Stanza 1 sings of the kingdom as a house in which the Lord abides with His people.  Further, it identifies this church as having been saved “with his own precious blood.”

I love Thy kingdom, Lord, the house of Thine abode,
the church our blest Redeemer saved with His own precious blood.

Stanza 2 sings of the church, secure in her walls, in wonderful imagery “as the apple of Thine eye” (a reference to Psalm 17:8) and as being “graven on Thy hand” (a reference to Isaiah 49:16).

I love Thy church, O God: her walls before Thee stand,
dear as the apple of Thine eye and graven on Thy hand.

Stanza 3 sings of the church as so precious to us that we shed tears for her well-being as we continually offer prayers on her behalf.  And we work diligently to advance her work.

For her my tears shall fall, for her my prayers ascend;
to her my cares and toils be giv’n, ’til toils and cares shall end.

Stanza 4 sings of the church as the reason for our “highest joy” as we “prize her heavenly ways” (so much better than earthly ways all around us), enjoying “her sweet communion” as we join others in fulfilling our membership vows and singing “her hymns of love and praise.”

Beyond my highest joy I prize her heav’nly ways,
her sweet communion, solemn vows, her hymns of love and praise.

Stanza 5 sings most directly to Jesus, “our Savior and King,” as the Friend who has brought us into His body, the church, and who assures us of ultimate deliverance “from every snare and foe.”

Jesus, Thou Friend divine, our Savior and our King,
Thy hand from ev’ry snare and foe shall great deliv’rance bring.

Stanza 6 sings of our future hope that is as sure as the truth of God’s own word, that to Zion, His church, the “brightest glories” of earth and the even “brighter bliss of heaven” will be ours.
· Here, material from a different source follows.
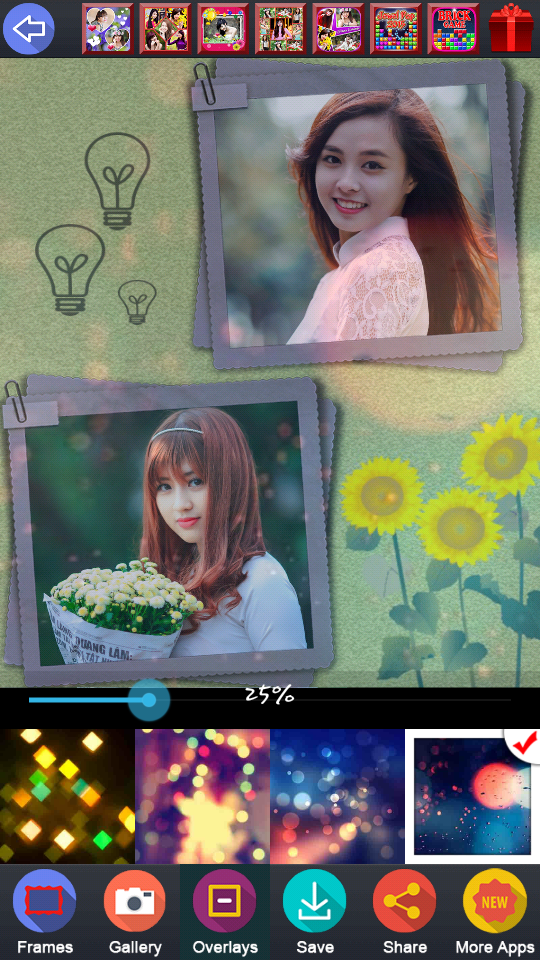 Selfie Photo Collage is a software photo editing, latest photo collage maker, very professional, total FREE 100%, easy to make photo grid. Selfie Photo Collage collage your photos to make photo grid very artistic. Selfie Photo Collage has over 100 art frames very beautiful and artistic. Only few steps very simple: select photo, rotate, collage, resize, decorate ...you had a wonderful photo. FEATURES: - FREE 100%, No SMS, No require internet to use it - Friendly interface, simple design, easy to use and collage to make photo grid - Over 100 beautiful frames, gird frames, love photo frames very beautiful - Choose the images from gallery or take picture from your camera - Move, zoom in, zoom out, pan around the image to fit the frame - Auto save photos to sdcard/Picture_SelfiePhotoCollage/ and show them in gallery - Share photo via social networks : Facebook, Instagram, Twitter, Picasa, G+, Email, SMS, Zalo, v.v… - Set photo as live wallpaper with falling stars and meteor shower effects If you are not proficient Photoshop software then application Selfie Photo Collage is a perfect choice to be able save your sweet memories with our collection of frames very art and romantic

Sure as Thy truth shall last, to Zion shall be giv’n
the brightest glories earth can yield, and brighter bliss of heav’n.
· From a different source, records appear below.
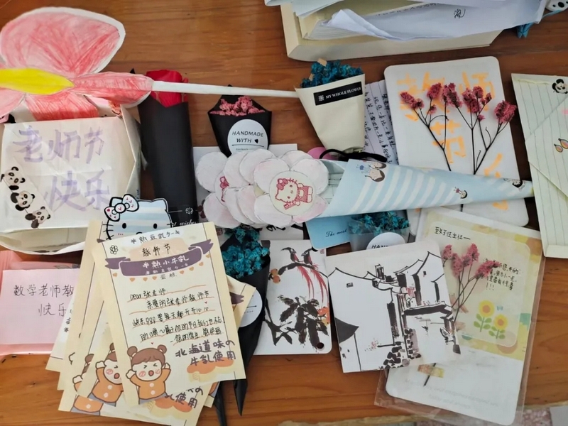 9月10日,上午第一节课,一阵阵清脆欢快的“老师节日快乐!”在一间间教室响起,一份份别致的小礼物、别出心裁的小卡片、小纸条在办公室里传送。教师的节日,同学们比老师还兴奋,还高兴。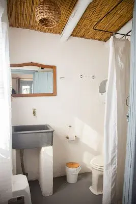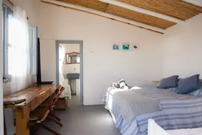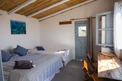 Suite Tortugas: pueden alojarse hasta 4 personas, Tiene cama matrimonial y una cama marinera. Equipada con ropa de cama, toallas, sombrillas y reposeras de playa. Baño privado completo con ducha.
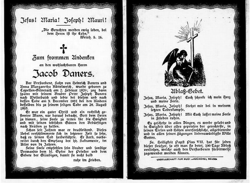 | Eltern: Heinrich Daners u. Anna Margaretha geb. Küttelwesch; zog später zu seinem Bruder Peter Joseph Daners nach Weilerbusch, † 9.12.1891; schon seit Jahren brustleidend |

The tune for this hymn text, ST. THOMAS, first appeared in Aaron Williams’ 1763 collection of tunes. It is also often used with Isaac Watts’ text, “Come, We That Love the Lord.” Williams (1731-1776) was a Welsh singing teacher, music engraver, and clerk at the Presbyterian Scots Church, London Wall. He published various church music collections, some intended for church choirs.   Since Williams never claimed authorship of this tune, many believe it was not Williams’ original melody but rather an adaptation from a work by George F. Handel.